In Russia, the Internet has become available to an increasing number of people, offering unlimited possibilities to distribute every kind of content. Because cyberspace is censored very minimally, and everyone has an opportunity to speak their minds, cyber-antagonism is widespread in the Russian Internet community.

However, the number of savvy Internet users has increased among law enforcement officials as well, and since 2006, their control over the Russian segment of the Internet has become much more noticeable. Now the Russian judicial practice has accumulated substantial experience in the "war on Internet extremism.” This campaign has had an effect not only on truly dangerous instigators, such as instigators of racial hatred, but also on many others whose fault is questionable, and sometimes even non-existent.

 

***

 

Prior to 2008, the number of convictions for propaganda specifically on the Internet was in the single digits. For example, in 2007 we only knew of three such sentences out of a total of 28 sentences, under Articles 280 and 282, for public calls to extremist activity and for incitement to racial or other similar hatred. In 2008, in just one year, the number of Internet-related convictions had already increased to 14 (out of 45). In 2009 it grew to 17 (out of 56), in 2010 there were 26 (out of 72), and in 2011 the number of such convictions increased almost twofold: there were at least 52 (out of 78 total convictions). That is to say that the majority of the "extremist propaganda" cases occur as a result of online activity. This trend continues in 2012: in the first six months there were at least 18 sentences (out of 32).

The graph below shows the dynamics of this process (the data for 2012 is a projection, assuming that the second half will be exactly the same as the first one):


This data serves as an indirect rebuttal of the statement that Russia lacks the legal framework for prosecuting "cyber-hatred,” and confirms that the existing Criminal Code articles are being successfully applied to cases of online propaganda.

 

The main "anti-propaganda" article of the Criminal Code in the public mind (and probably in the minds of law enforcement) is Article 282 ("incitement of national, racial, or religious enmity, abasement of human dignity”). The Criminal Code Article 280 ("Public incitement to extremist activity")[4] is used far less often.

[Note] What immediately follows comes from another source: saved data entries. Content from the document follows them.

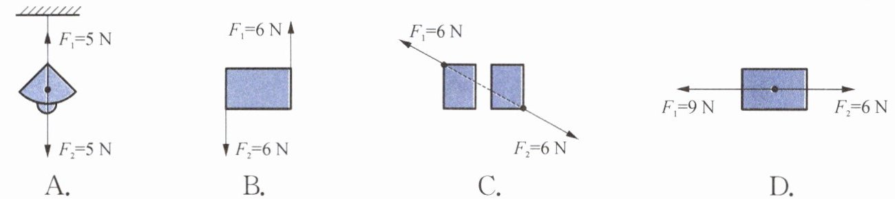 11. 下列选项中,F₁和F₂相互平衡的是(
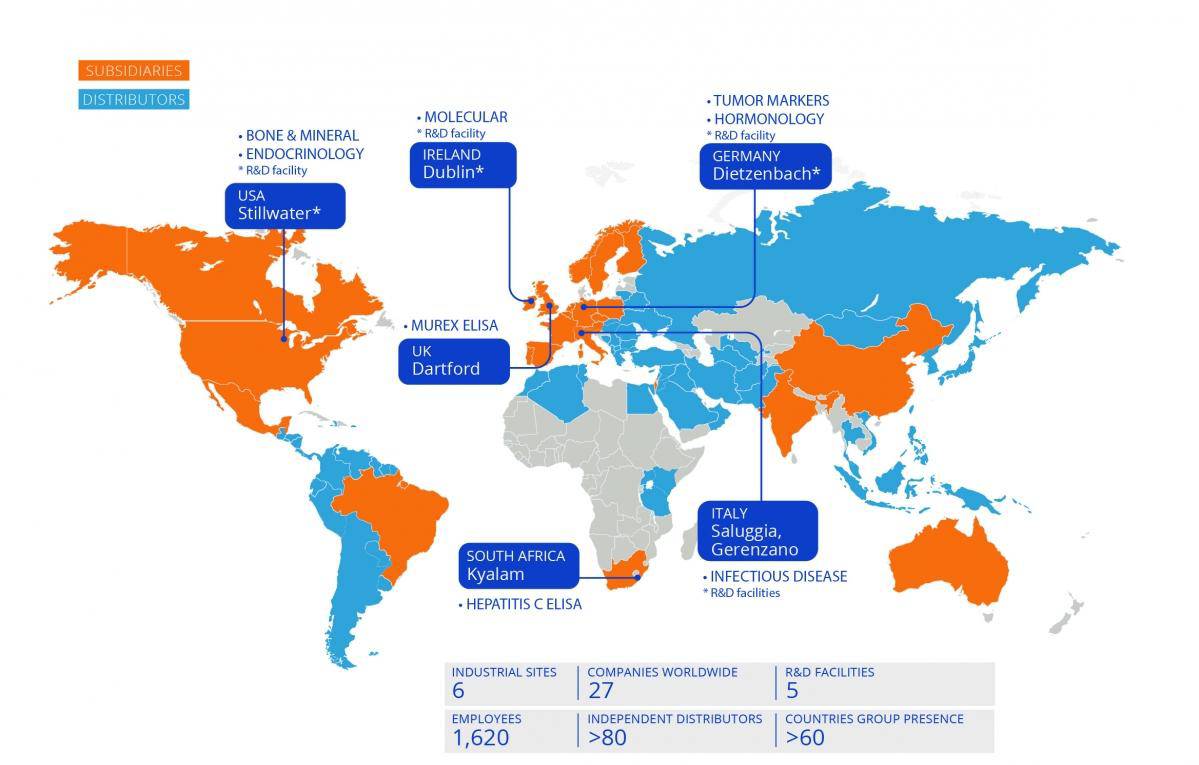 今天推出《11大IVD巨头企业发展史汇编》系列第十篇——— DiaSorin S.p.A. 1 公司概况 简介 意大利Diasorin S.p.A.创建于1968年,是全球体外诊断市场的领导者。曾是意大利Sorin Biomedica SpA的体外诊断部,2000年部门高层认购全部股票后独立出来成立DiaSorin S.p.A.,为意大利独立上市公司,作为FTSE Italia Mid Cap Index(盘中指数)的一员。具有近50年生物医学领域的研发经验,其放射免疫和酶免疫在欧洲及全球享有极高的知名度,一直致力于医院及私人实验室的免疫诊断,及分子诊断测试。 截至至2015年底,DiaSorin员工超过1600人,超过80个代理商。公司目标:Improving the health and quality of people’s lives。 部门分布 Diasorin于全球共6家工厂,5间研究实验室,27间分公司,销售网络遍布全球100+国家。 研发能力 发展历程 2 收并购介绍 3 营收情况 2015年年销售额: |
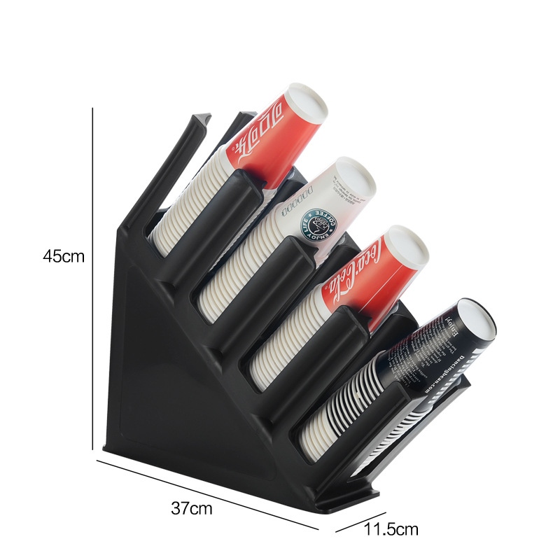Kệ đựng ly cafe, cốc trà sữa nhựa ABS đúc nguyên khối loại xéo 4 ngăn úp nghiêng
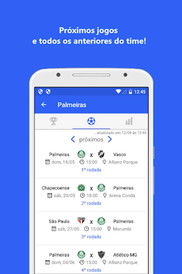 3 - If you want to update the 2023 Brasileirão Table and other data without having to enter and exit the application, just tap the "update" button.
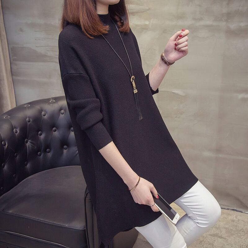 【送料無料】 全5色 ハイネック ニットソー アシンメトリー シンプル チュニック ドロップショルダー オーバーサイズ ゆるシルエット ゆったり 長袖 ワイドシルエット 抜け感 お洒落 カジュアル トレンド 韓国 オルチャン デイリー 秋冬 TP-061HM

The first of the known criminal convictions for propaganda via the Internet[5] was delivered under Article 280 of the Criminal Code, passed in 2005. However, almost simultaneously the conviction under Article 282 for publishing xenophobic materials on the Internet took place in Syktyvkar. [6] It is important to emphasize that the text of these two articles refers to public statements delivered by any means, including the Internet. However, not all online material can be considered public. For example, it can be password-protected and accessible only to a small group. In any propaganda crime, the degree of publicity constitutes a fundamental characteristic, and, while this degree of publicity is fairly obvious in cases of traditional media, it is far from obvious in cases of an Internet publication.[7] The extent of publicity has thus far not been taken into account. For example, in 2011, the court in Chuvashia issued a conviction for sending files by e-mail, which hardly qualifies as a public statement.

 

***

 

In 2007–2011 the materials that resulted in convictions for Internet propaganda were taken from the following platforms:

 

2007

2008

2009

2010

2011

Websites

1

3[8]

2

2

39

Social Networks

0

0

2 (“VKontakte” in all cases)

6 (“VKontakte” in all cases)

25 (“VKontakte” – 20, “Odnoklassniki” – 1, unknown – 4)

Blogs

 

0

1 (Livejournal)

6 (Livejournal – 3, unknown-3)

1 (unknown)

1 (unknown)

Forums

1

4

1

2

5

Local networks

0

1

0

1

4

E-mail

0

0

0

0

1

Unknown 

1

5

6

13

11

 

From the above data it is clear that by 2011, law enforcement focused its monitoring on social networks, primarily on "Vkontakte.”[9] Perhaps this is due to the fact that since 2007 this platform has been rapidly gaining popularity among many groups, including young right-wing radicals.

 

When analyzing the details of a particular case of "extremist content" the most important question to ask is, what is the target group? Who is the potential victim for right-wing radicals and similar groups? Unfortunately, our classification is incomplete. The convoluted, standard legal phrasing of "post on the internet files extremist" and "statements intended to stir up hatred and hostility and humiliation of groups of individuals" is extremely difficult to understand. Where possible, we have identified the following groups as the objects of animosity[10]:

 

 

2007

2008

2009

2010

2011

Immigrants from the Caucasus region

1

7

7

9

20

Jews

1

4

4

5

5

Komi

0

0

0

0

1

Bashkirs

0

0

0

0

1

Tatars

0

0

0

0

1

Yezids

1

0

0

0

0

Dark-skinned

0

0

2

0

2

Government (incl.police officers)

0

3

2

2

2

Non-Slavs

0

0

3

2

3

Russians

0

0

0

3

1

Christians

0

0

2

2

4

"Infidels" (calls for armed jihad)

0

0

0

0

4

Unknown

0

3

4

5

13

 

Thus, the most frequently prosecuted online rhetoric is directed against people from the Caucasus region,[11] which is indeed quite widespread. Anti-Semitic content does not constitute the most active area of cyber-antagonism, but is still very much present. Notably, the number of convictions for anti-Semitic propaganda has remained virtually unchanged from year to year. Cases of prosecution for xenophobic propaganda against other ethnic groups are rather rare.

 

These materials can be classified by genre as follows[12]:

 

 

2007

2008

2009

2010

2011

Audio and video files

1 (video clip)

3 (video clips – 2, movie – 1)

5 (all – video clips)

10 (video

clips – 8, movies – 2)

24 (video clips – 20, movies – 2, songs – 2)

Drawings

1

1

1

1

1

Photographs

0

0

1

2

1

Texts (including forum comments)

1 (comment)

11 (texts – 7, comments – 4)

10 (comment – 1)

14 (texts – 11, comments – 3)

29 (texts –19, comment – 10)

Creating a social network users group

1

0

0

1

0

Unknown

0

0

0

1

2

 

It is worth noting, that, while before 2009 sentences were given predominantly for text materials, in 2010-2011 the number of convictions for multimedia content is almost equal to the number for texts. This is not surprising: a movie or video recording has much greater visual impact than any text, linking to them has become easier, and sheer number of online videos has increased as well.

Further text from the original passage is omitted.